«Vizi privati, pubblici
benefici». Questa frase, che è quasi divenuta un proverbio
dell’epoca moderna, appartiene al dottor Bernardo di Mandeville, il
medico olandese, trapiantato a Londra, che, tra il 1705 e il 1729,
compose la ben nota Favola delle api, ovvero vizi privati,
pubblici benefici. Così infatti suona il titolo della sua opera
sin dalla seconda edizione del 1714. Esce ora in traduzione, per la
cura di Tito Magri, l'insieme dei testi che costituiscono la prima
parte dell’opera e che Mandeville scrisse tra il 1705 e il 1724 (La
favola delle api, Laterza,1987).
[...]
La Favola delle api
è un’opera straordinaria anche per la spregiudicatezza
intellettuale che la contraddistingue. Nell’alveare che Mandeville
descrive, vige la prosperità economica e sociale in un mondo in cui
ci sono commercianti disonesti, avvocati truffaldini, medici
arroganti e vanitosi, una giustizia ingiusta con i poveri e gli
affamati e ruffiana con i ricchi, un esercito che maltratta i suoi
soldati, una chiesa di classe. «Ma chi potrebbe svelare tutte le
loro frodi? — si domanda Mandeville — Perfino la roba venduta per
la strada come concime per la terra, si scopriva spesso che era
mescolata con un quarto di pietre e di ghiaia inutilizzabili; sebbene
i critici non avessero motivo di lamentarsi visto che vendevano sale
al posto di burro». Così «ogni parte era piena di vizio», eppure,
osserva Mandeville, «il tutto era un paradiso».
Come spiegare questo
apparente paradosso?

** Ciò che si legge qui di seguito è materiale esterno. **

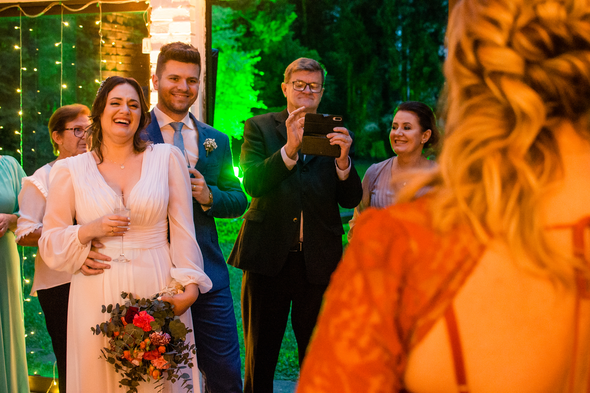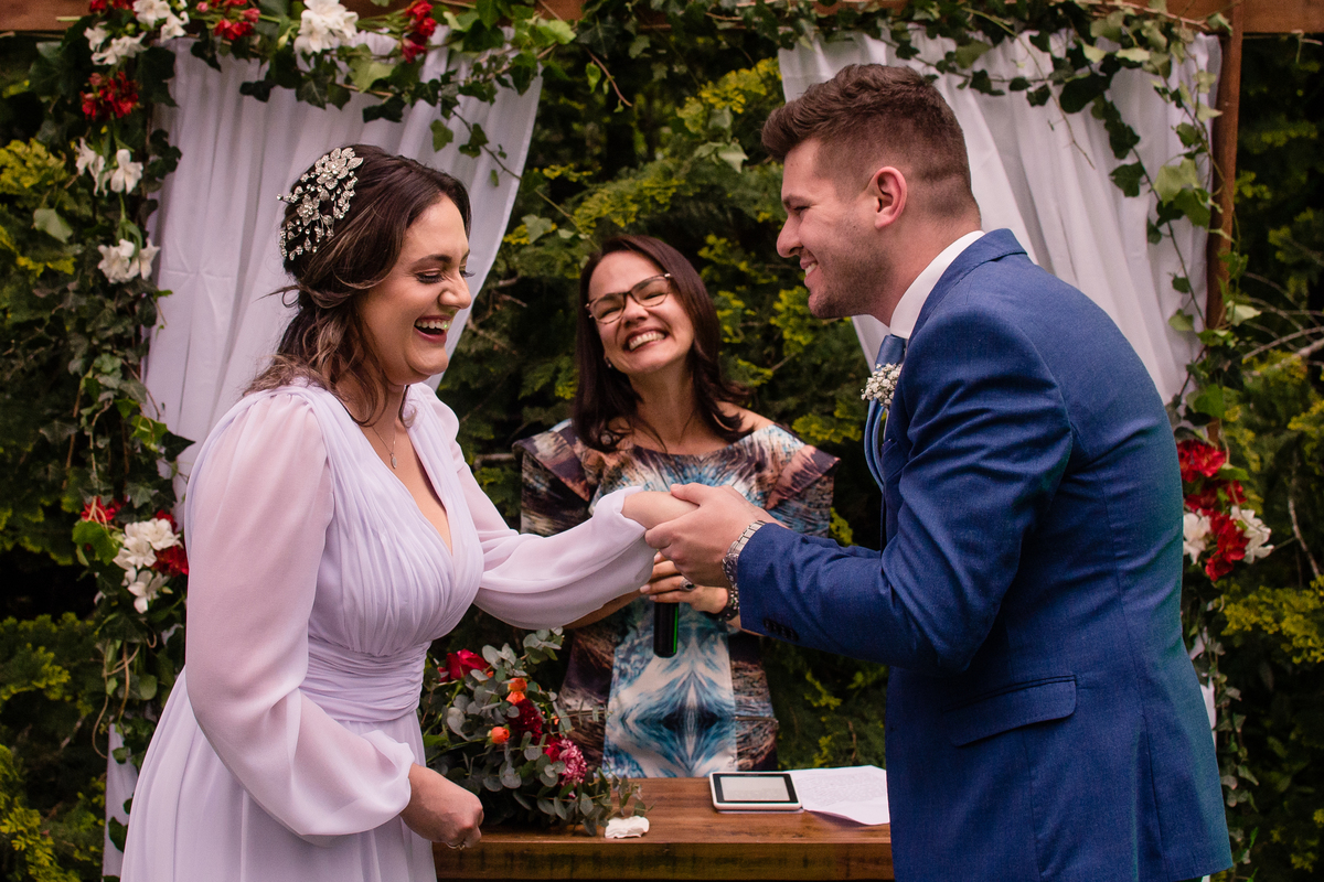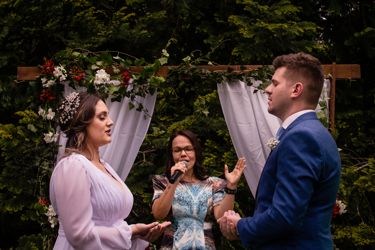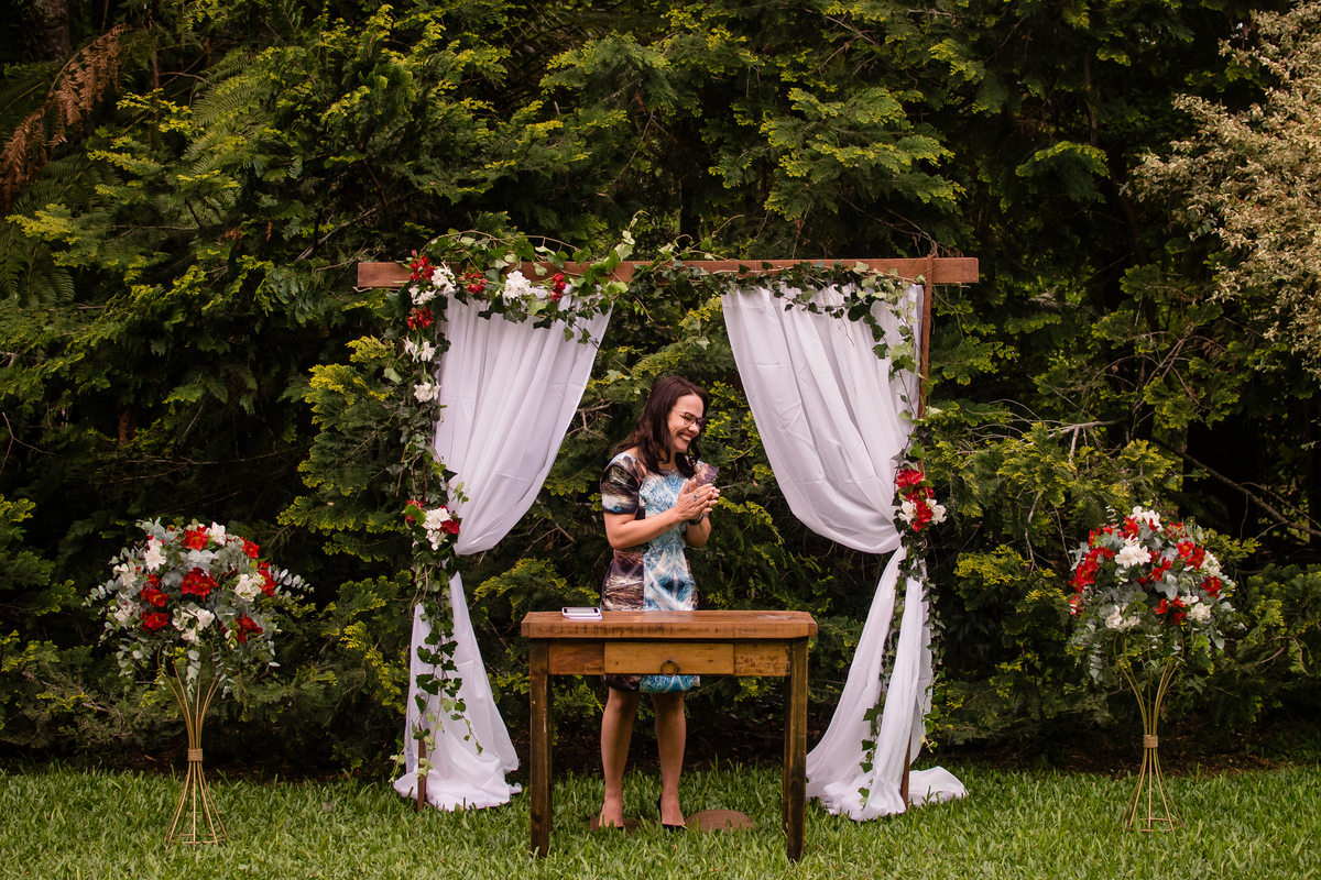 Começou. Ana chorando muito, do começo ao fim. Antes e após uma nova maquiagem. Chorei junto. Falaram dos avós, dos que estavam e não estavam mais entre nós, dos cachorros, dos futuros filhos, de tudo que há de mais bonito e intenso. A Ana, celebrante, tem o dom de tocar lá no fundo da alma. As Gurias, responsáveis pela decoração, corriam de um lado pra outro pra que nada desse errado. E não deu. Foi perfeito, perfeito mesmo. O clima era pra chover e não choveu. O céu ficou rosado. As fotos falam por si e quero que sintam toda a energia de cada uma delas.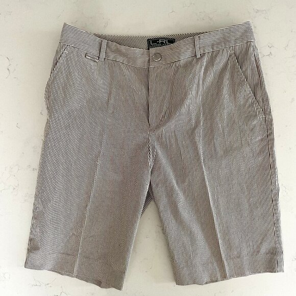 Lauren Ralph Lauren Active Striped 4 Pocket Cotton Bermuda Shorts Tan+White Sz 8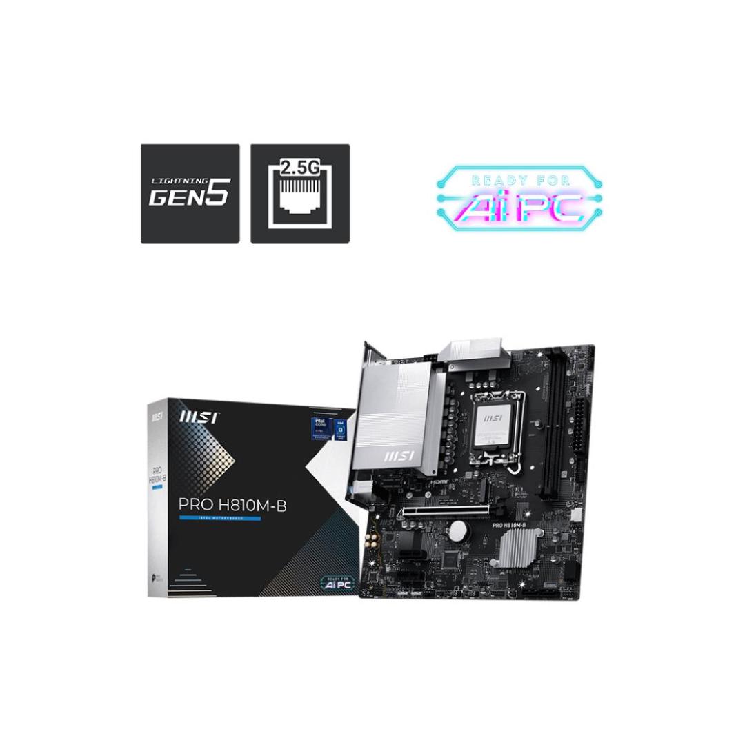 PRO H810M-B offers a simple design with a harmonious silver color scheme that perfectly matches both white and black PC builds. It is engineered with 2.5G LAN and PCIe 5.0, ready for the Intel® Core™ Ultra processors.

L’alveare descritto nel XVIII secolo si può
ancora oggi leggere tutti i giorni su tutti i giornali e vedere tutte
le ore in tutti i luoghi. Come mai da parti viziose risulta un tutto
paradisiaco?
Una chiave di spiegazione
si trova in un altro passo dell’Alveare scontento, il fulcro
dell'opera, poi chiarito a lungo nella nota (P). Dice Mandeville:
«Cosi il vizio nutriva l’ingegnosità, che insieme con il tempo e
con l’industria aveva portato le comodità della vita, i suoi reali
piaceri, agi e conforti, ad una tale altezza, che i più poveri
vivevano meglio di come vivessero prima i ricchi; e nulla si sarebbe
potuto aggiungere». Nella società borghese il più povero vive
meglio del più ricco di una società precedente.
Questa osservazione, che
sarà ripresa di peso da Adam Smith (e di ciò Marx si era accorto),
ci costringe a porci un’altra domanda: in che senso il più povero
vive meglio?
Da quale punto di vista?
Dal punto punto di vista della disponibilità reale delle cose
prodotte, cioè della produzione delle merci. Questo punto, in
apparenza così ovvio, è in realtà il centro della radicale
caratterizzazione della società borghese rispetto ad altre società.

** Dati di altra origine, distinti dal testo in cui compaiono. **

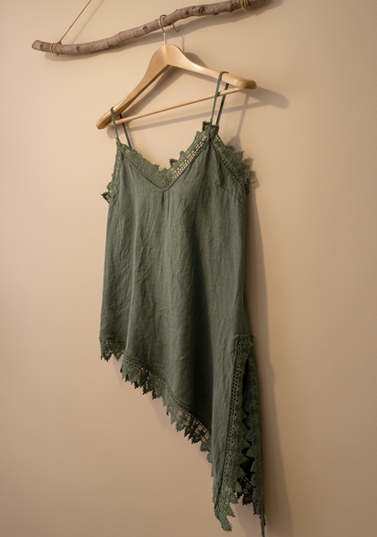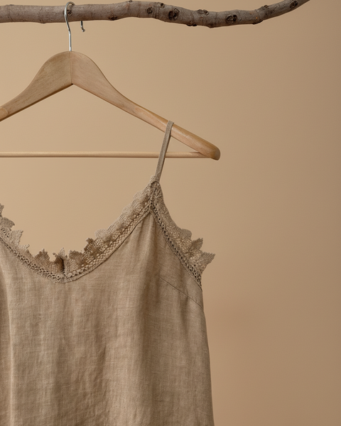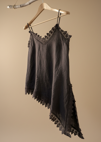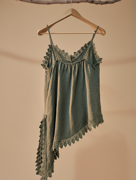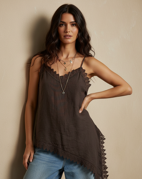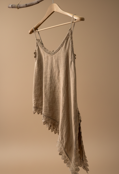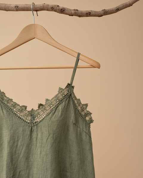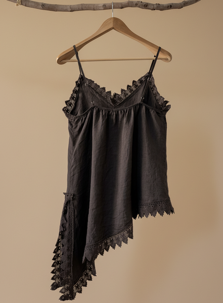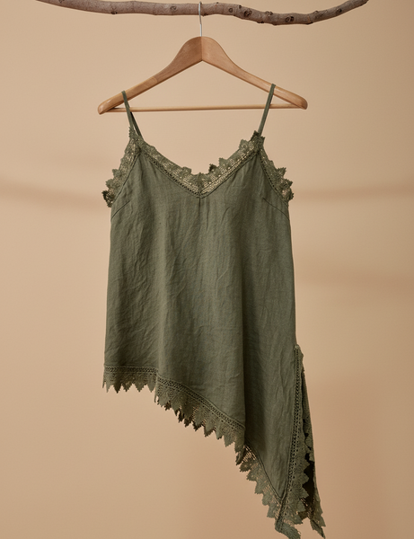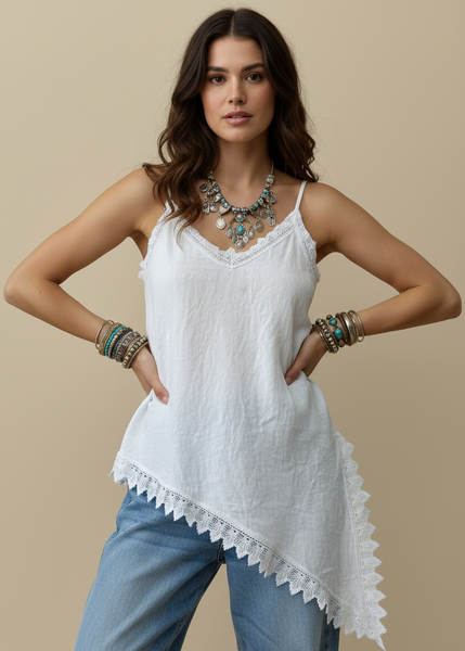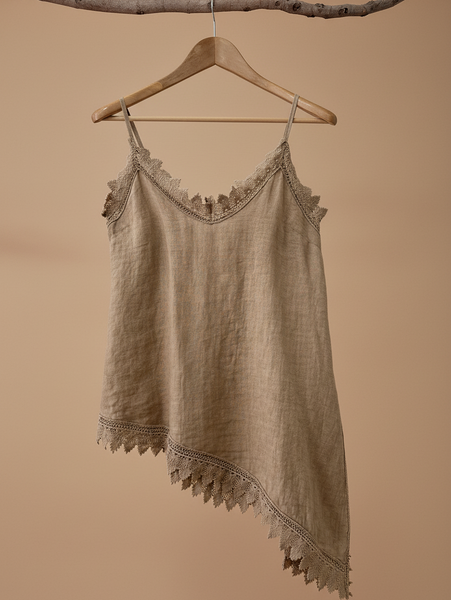 top de alças finas em linho com decote em V e renda a condizer ao longo do decote, racha lateral e bainha assimétrica. Leve, fluido e com aquele toque boho sensual que é a essência da Naftalina. Perfeito para os dias quentes, sozinho ou por baixo de um casaco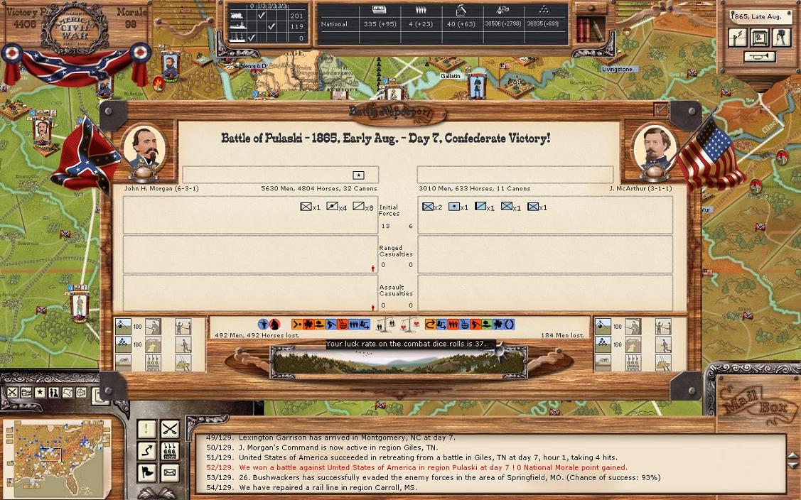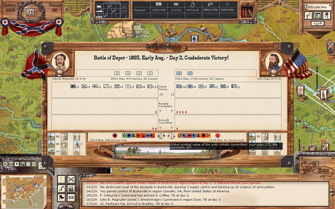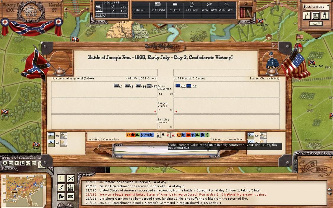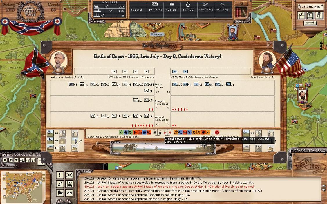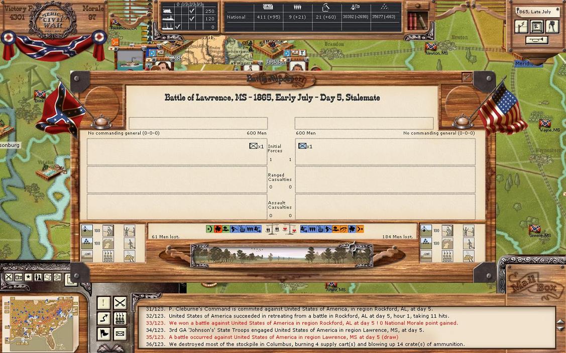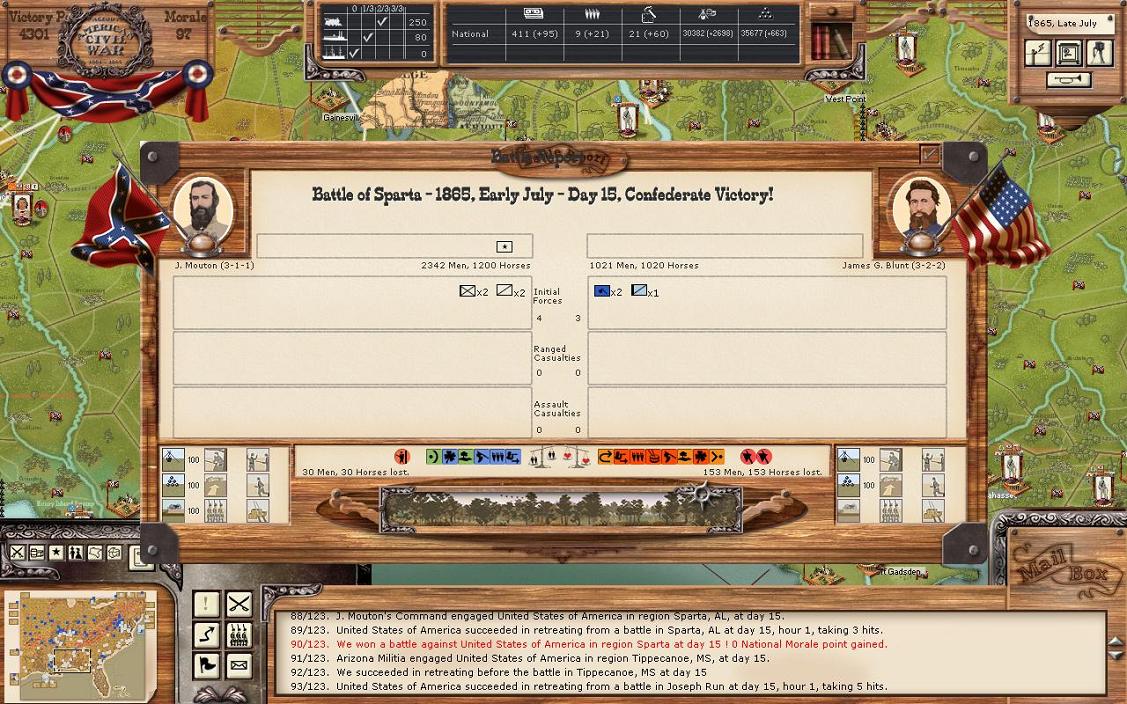 Confederate wrote:Charles, I have to congratulate you for making it to June 1865 and still being in the war, although he looks like Mortar is looking to launch an assault at Richmond. Good thing you have the genius defensive man Longstreet in Richmond with Lee not too far. Doesn't look like he'll be able to pass anytime soon![]()

E l’elemento caratteristico è determinato dal fatto che, come ha
notato Louis Dumont (Homo aequalis, Adelphi, 1984), Mandeville
stabilisce il primato del rapporto dell’uomo con i beni materiali
rispetto al rapporto tra gli uomini, se non in linea di principio,
almeno nell’analisi della della vita reale della società moderna.
Da qui alcune conseguenze
importanti: l’economia si autonomizza dalla morale nella stessa
misura in cui l'analisi della condotta umana e sociale si separa dai
modelli di comportamento fondati sul dover essere. Inoltre emerge
l’idea secondo cui i risultati sociali non sono il prodotto
conseguente delle intenzioni degli individui. Come fa vedere, nella
lucida e problematica introduzione, Tito Magri, il rapporto e la
differenza sono tra una società piccola e poco prosperosa dove è
possibile che i risultati sociali siano corrispondenti alle
intenzioni degli individui, e una società grande e potente dove
invece ciò non può più realizzarsi.
Mandeville, anticipando
anche su questo punto Adam Smith, mette in evidenza come i prodotti
di cui godiamo siano il frutto di una divisione e di una
organizzazione del lavoro assai complesse, non immediatamente
visibili nella merce. Ciononostante, la merce, (il prodotto, la cosa)
racchiude il tutto di quelle parti che hanno cooperato per la sua
realizzazione.
«Vizi privati, pubblici
benefici». Da parti viziose, un tutto che è un paradiso. Dietro
l’apparente apologia di un sistema sociale che vuole svincolarsi
dai residui del passato e che dichiara la sua rottura, c’è una
messa a nudo delle dinamiche dei rapporti e degli effettivi
comportamenti economici, che non sfuggì a Marx. Rapporti e
comportamenti che segnano il punto a partire dal quale non si torna
indietro anche in vista di una critica della società borghese.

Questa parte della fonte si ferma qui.